**What is expected**
Go through the listing that follows and write it out exactly. Drop the pictures.

**Dataset content**
====
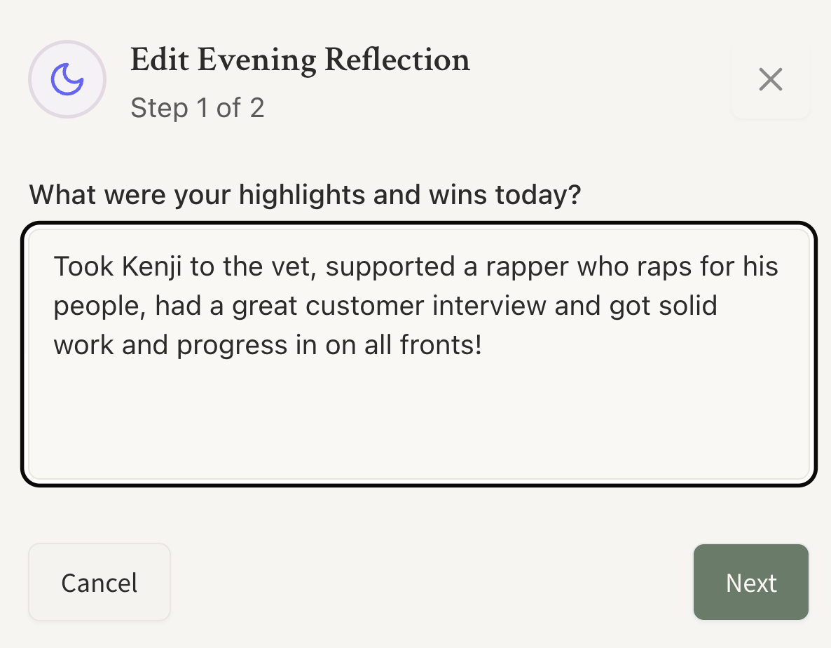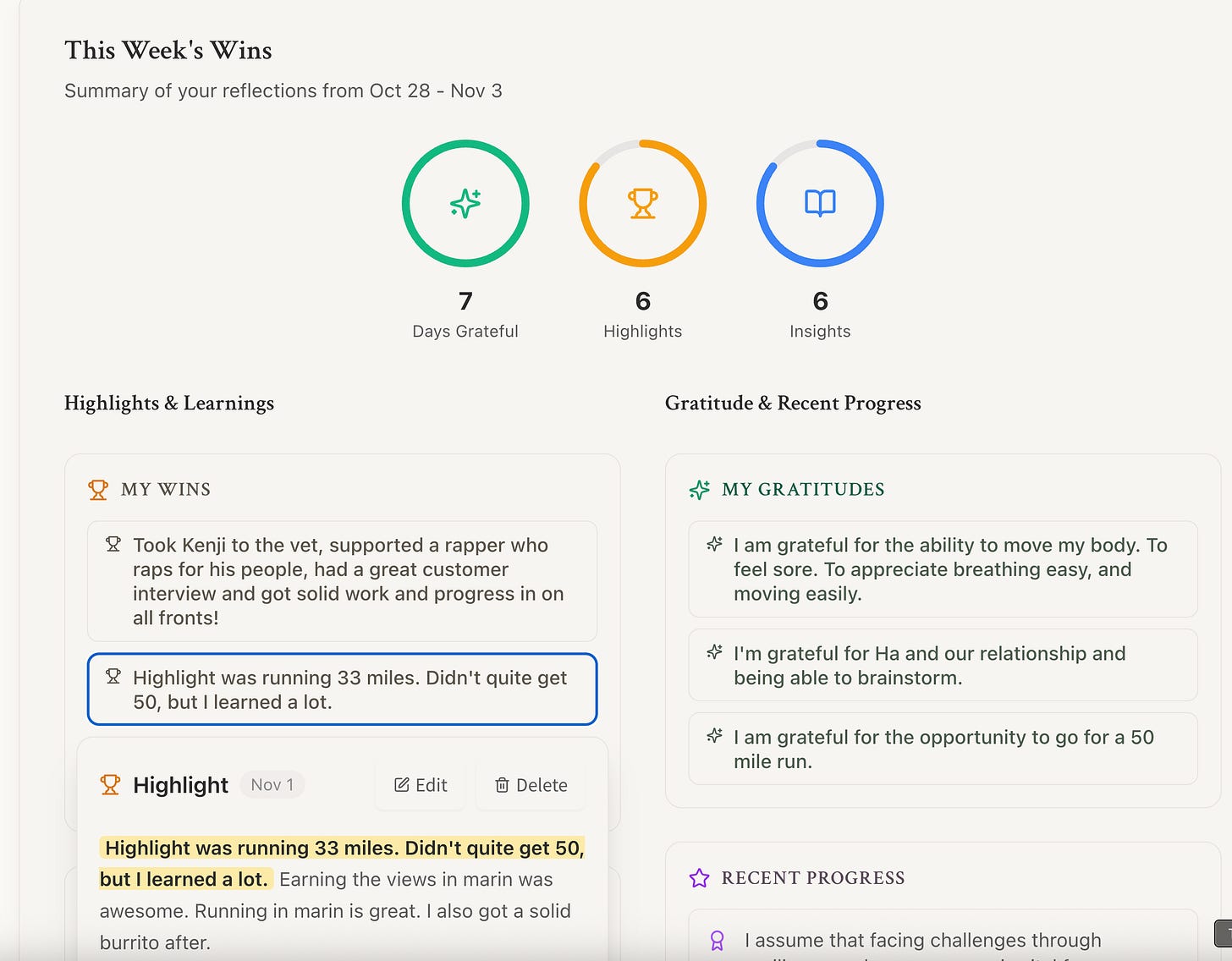 The Wins dashboard shows you your recent journals and highlighted experiences that are very aligned towards your best self.
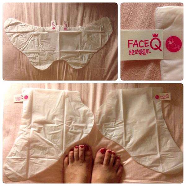 這是我第一次使用腳膜覺得滿新鮮的,打開後兩片腳膜是連在一起的,要輕輕撕開,撕開後就可以把腳套進去了。腳膜的外層是有點像薄塑膠袋的材質,內層是棉纖維,裡面裝有像乳液的精華液。
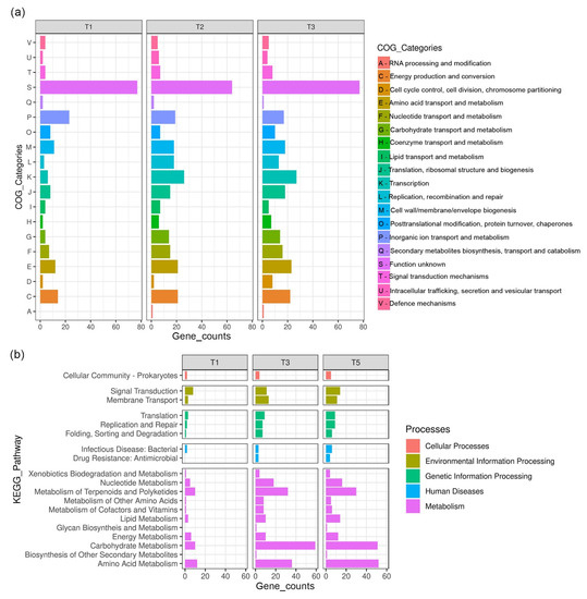 Figure 6a,b shows the DEG enrichment analysis based on Clusters of Orthologous Groups (COGs) and Kyoto Encyclopedia of Genes and Genomes (KEGG) that assign genes to different microbial cell processes. Out of 497 identified DEGs, 444 and 312 DEGs were successfully assigned to COG categories and KO numbers, respectively. According to COGs classification (Figure 6a), the most affected DEGs after cold plasma treatment (T1, T3, and T5) were primarily categorized as “function unknown” (S), followed by biological processes of “inorganic ion transport and metabolism” (P), “transcription” (K), “energy production and conversion” (C), “amino acid transport and metabolism” (E), “cell wall/membrane/envelope biogenesis” (M), and “translation, ribosomal structures and biogenesis” (J).
====
**The completed task**
 The Wins dashboard shows you your recent journals and highlighted experiences that are very aligned towards your best self.
 這是我第一次使用腳膜覺得滿新鮮的,打開後兩片腳膜是連在一起的,要輕輕撕開,撕開後就可以把腳套進去了。腳膜的外層是有點像薄塑膠袋的材質,內層是棉纖維,裡面裝有像乳液的精華液。
 Figure 6a,b shows the DEG enrichment analysis based on Clusters of Orthologous Groups (COGs) and Kyoto Encyclopedia of Genes and Genomes (KEGG) that assign genes to different microbial cell processes. Out of 497 identified DEGs, 444 and 312 DEGs were successfully assigned to COG categories and KO numbers, respectively. According to COGs classification (Figure 6a), the most affected DEGs after cold plasma treatment (T1, T3, and T5) were primarily categorized as “function unknown” (S), followed by biological processes of “inorganic ion transport and metabolism” (P), “transcription” (K), “energy production and conversion” (C), “amino acid transport and metabolism” (E), “cell wall/membrane/envelope biogenesis” (M), and “translation, ribosomal structures and biogenesis” (J).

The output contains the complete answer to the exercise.